** Opening Data for the task block **

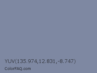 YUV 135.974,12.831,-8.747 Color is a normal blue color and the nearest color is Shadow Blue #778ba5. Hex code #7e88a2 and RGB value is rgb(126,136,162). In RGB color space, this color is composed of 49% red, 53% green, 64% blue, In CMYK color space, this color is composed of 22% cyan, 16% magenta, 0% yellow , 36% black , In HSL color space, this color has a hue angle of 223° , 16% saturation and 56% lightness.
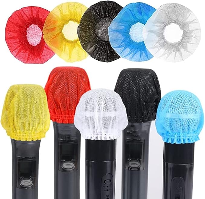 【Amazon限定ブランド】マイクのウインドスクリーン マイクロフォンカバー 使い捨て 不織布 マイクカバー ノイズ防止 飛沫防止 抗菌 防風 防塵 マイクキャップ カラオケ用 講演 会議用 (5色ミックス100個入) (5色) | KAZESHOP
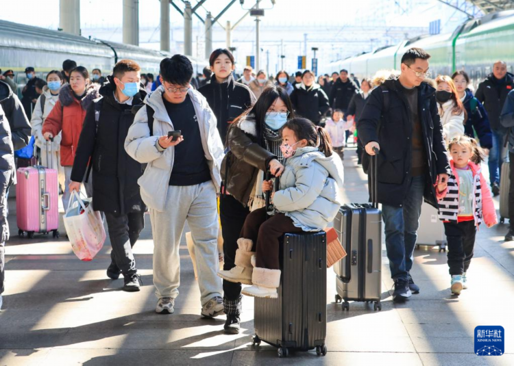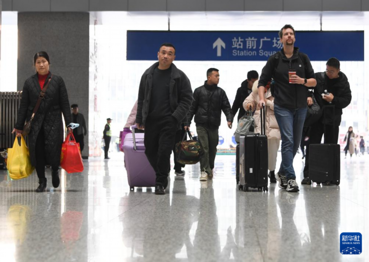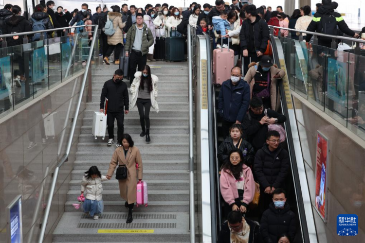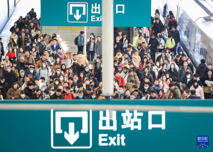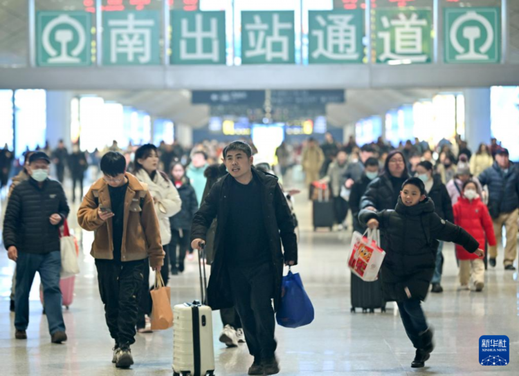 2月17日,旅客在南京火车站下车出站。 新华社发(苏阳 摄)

** Closing Data for the task block **
** Opening Data for the task block **

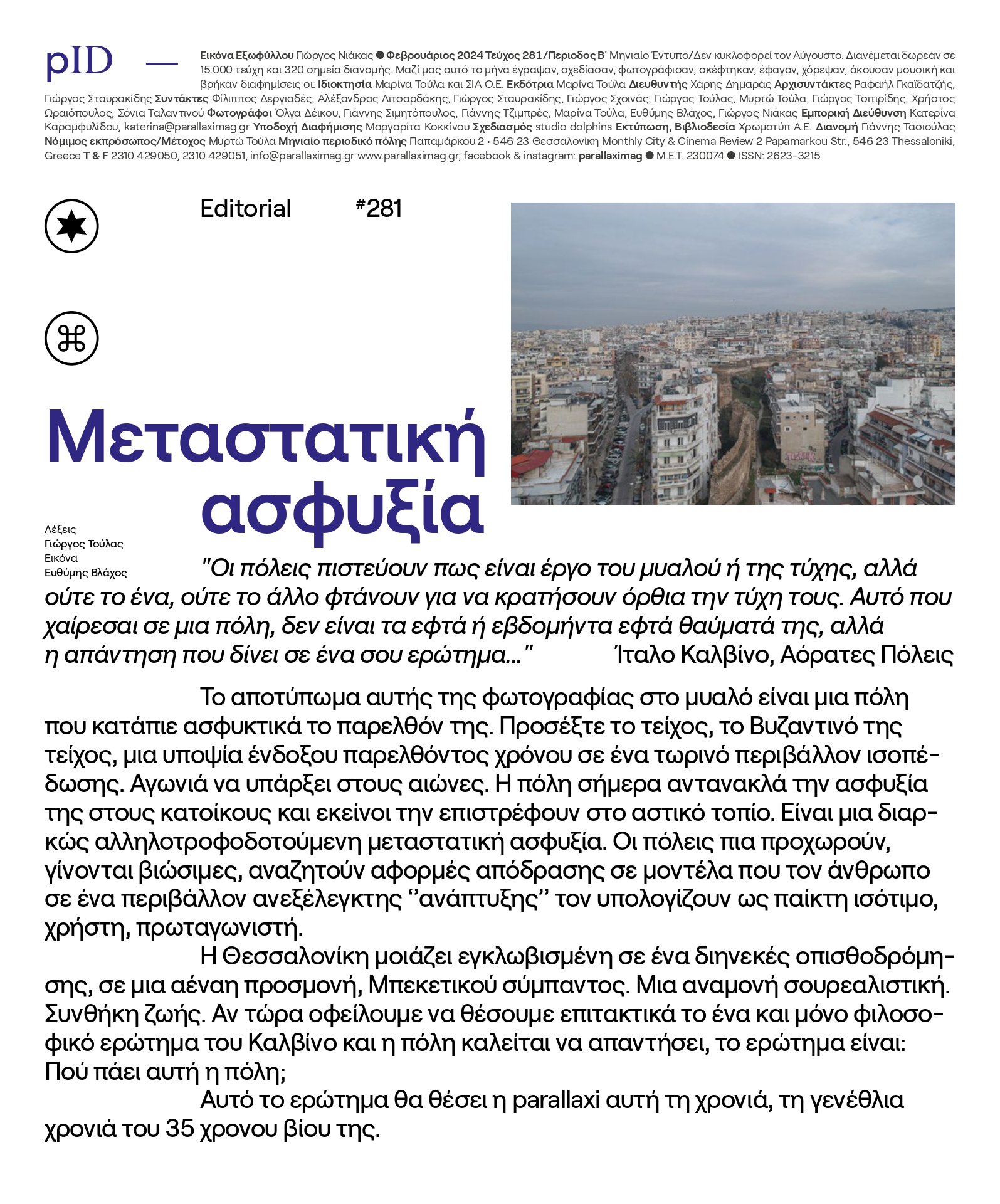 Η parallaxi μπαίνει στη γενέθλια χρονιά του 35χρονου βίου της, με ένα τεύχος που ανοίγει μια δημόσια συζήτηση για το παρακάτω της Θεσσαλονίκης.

** Closing Data for the task block **
** Opening Data for the task block **

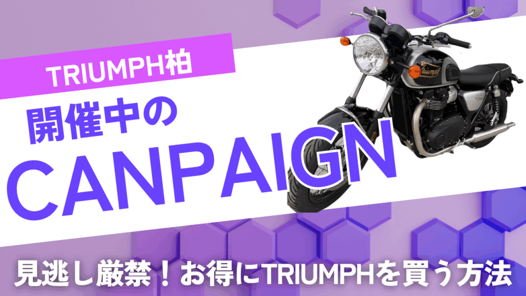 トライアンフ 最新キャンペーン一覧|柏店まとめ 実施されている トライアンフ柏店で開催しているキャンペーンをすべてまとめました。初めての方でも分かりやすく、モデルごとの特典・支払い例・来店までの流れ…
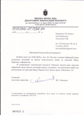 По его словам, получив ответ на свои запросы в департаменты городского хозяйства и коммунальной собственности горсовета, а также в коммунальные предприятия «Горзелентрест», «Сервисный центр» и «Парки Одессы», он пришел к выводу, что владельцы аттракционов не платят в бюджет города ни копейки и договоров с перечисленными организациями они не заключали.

** Closing Data for the task block **

• _Work instruction_
In the listing above, find the line containing "YUV 135.974,12.831,-8.747 Color". Output it and every line after it up to and including the line containing "2月17日,旅客在南京火车站下车出站。 新华社发(苏阳 摄)", exactly, but skip the pictures.

• _Result of the exercise_
 YUV 135.974,12.831,-8.747 Color is a normal blue color and the nearest color is Shadow Blue #778ba5. Hex code #7e88a2 and RGB value is rgb(126,136,162). In RGB color space, this color is composed of 49% red, 53% green, 64% blue, In CMYK color space, this color is composed of 22% cyan, 16% magenta, 0% yellow , 36% black , In HSL color space, this color has a hue angle of 223° , 16% saturation and 56% lightness.
 【Amazon限定ブランド】マイクのウインドスクリーン マイクロフォンカバー 使い捨て 不織布 マイクカバー ノイズ防止 飛沫防止 抗菌 防風 防塵 マイクキャップ カラオケ用 講演 会議用 (5色ミックス100個入) (5色) | KAZESHOP
 2月17日,旅客在南京火车站下车出站。 新华社发(苏阳 摄)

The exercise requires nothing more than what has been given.